» Work instructions: Print exactly the lines below between the line holding "the same time" and the line holding "縦約7.5cm×横約18cm", inclusive, and nothing more.

##### Task material

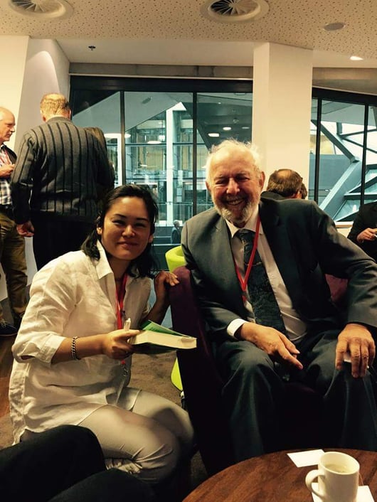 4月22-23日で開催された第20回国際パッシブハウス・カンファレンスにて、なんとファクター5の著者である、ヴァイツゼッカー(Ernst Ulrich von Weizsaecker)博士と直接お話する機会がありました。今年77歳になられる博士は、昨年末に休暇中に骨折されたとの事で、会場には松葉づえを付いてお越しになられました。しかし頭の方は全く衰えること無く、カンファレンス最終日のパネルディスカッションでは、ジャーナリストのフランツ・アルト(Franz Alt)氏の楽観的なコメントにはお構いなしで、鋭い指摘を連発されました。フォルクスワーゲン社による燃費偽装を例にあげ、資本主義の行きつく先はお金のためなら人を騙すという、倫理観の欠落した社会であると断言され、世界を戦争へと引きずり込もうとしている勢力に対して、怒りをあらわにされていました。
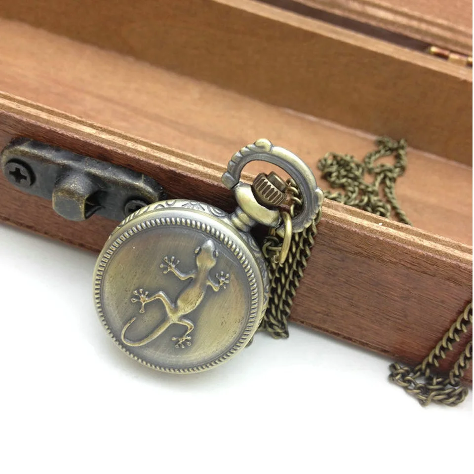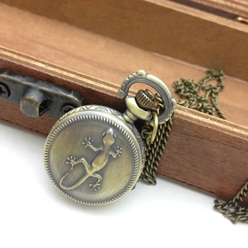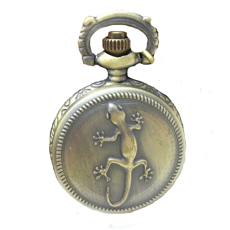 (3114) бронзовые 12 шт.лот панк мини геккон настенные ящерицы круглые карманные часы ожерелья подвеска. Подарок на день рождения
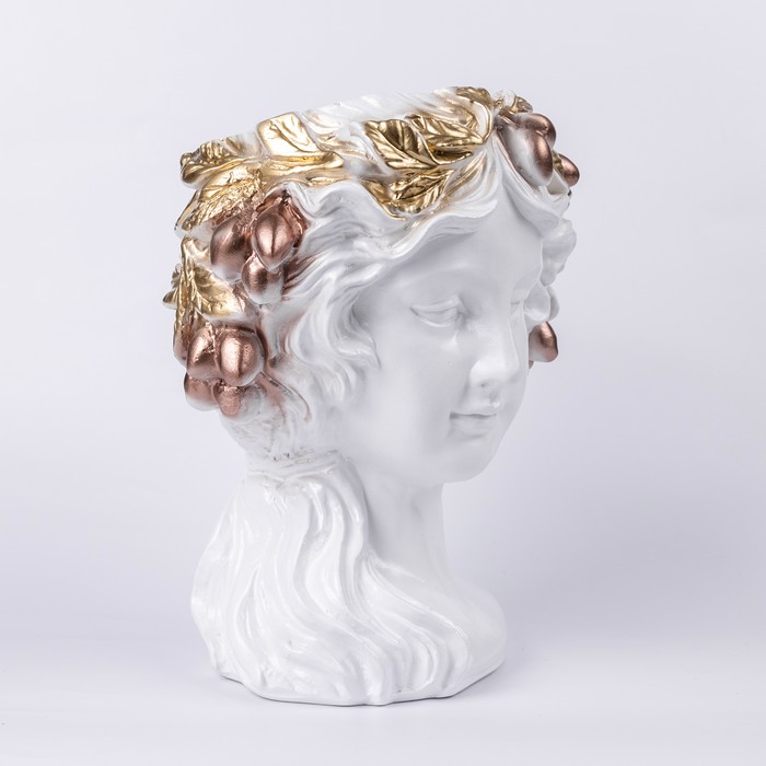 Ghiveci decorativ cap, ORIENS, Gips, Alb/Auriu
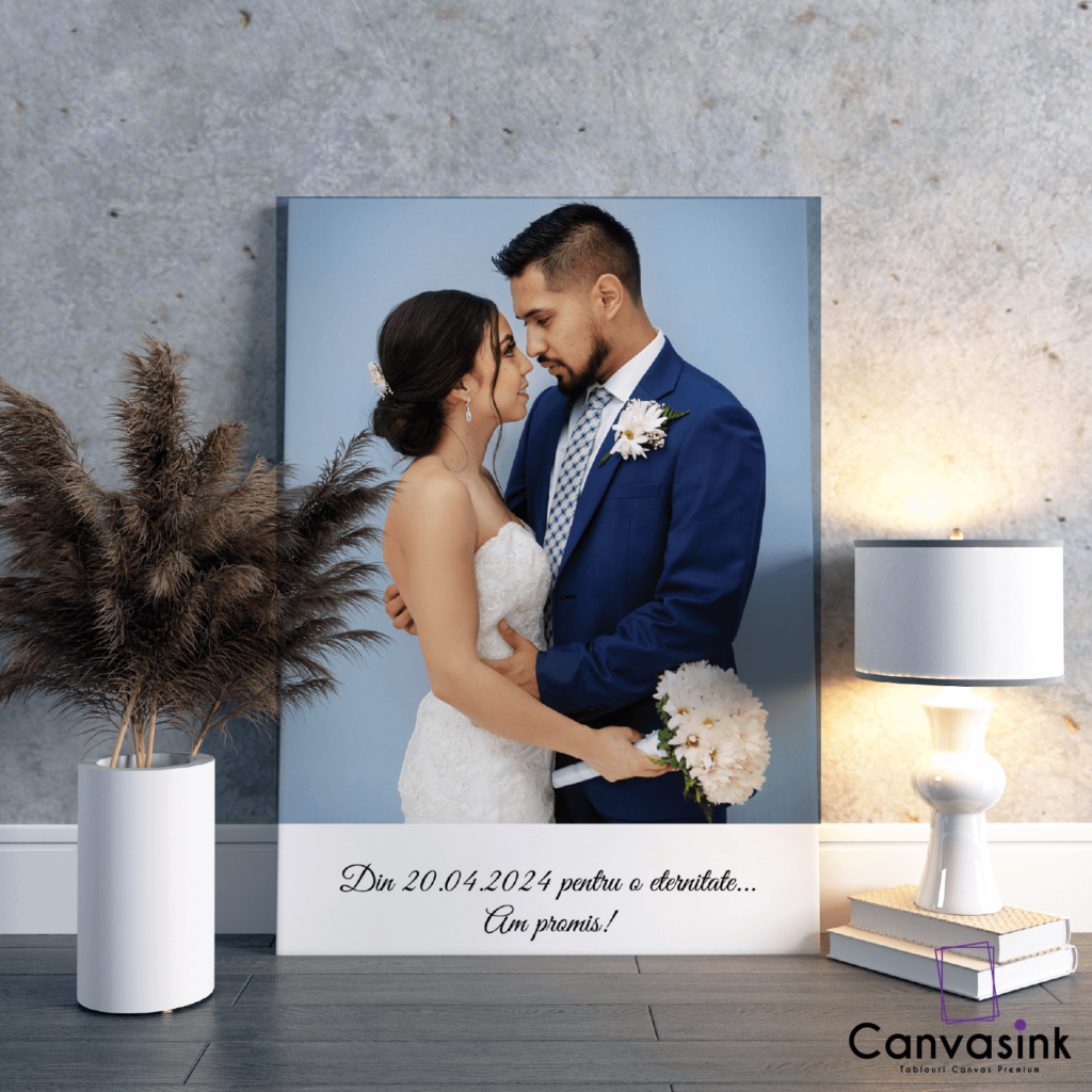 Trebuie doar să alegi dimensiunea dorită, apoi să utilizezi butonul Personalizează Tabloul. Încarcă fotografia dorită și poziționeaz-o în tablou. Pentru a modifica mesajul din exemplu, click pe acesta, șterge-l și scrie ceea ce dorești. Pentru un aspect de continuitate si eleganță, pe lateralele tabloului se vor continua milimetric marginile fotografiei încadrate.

##########
##### Task material

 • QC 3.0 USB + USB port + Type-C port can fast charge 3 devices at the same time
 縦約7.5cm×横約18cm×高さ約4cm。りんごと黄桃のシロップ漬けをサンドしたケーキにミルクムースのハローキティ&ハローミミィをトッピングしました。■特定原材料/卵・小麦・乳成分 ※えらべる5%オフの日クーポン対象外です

##########

» Answer to this task:
 • QC 3.0 USB + USB port + Type-C port can fast charge 3 devices at the same time
 縦約7.5cm×横約18cm×高さ約4cm。りんごと黄桃のシロップ漬けをサンドしたケーキにミルクムースのハローキティ&ハローミミィをトッピングしました。■特定原材料/卵・小麦・乳成分 ※えらべる5%オフの日クーポン対象外です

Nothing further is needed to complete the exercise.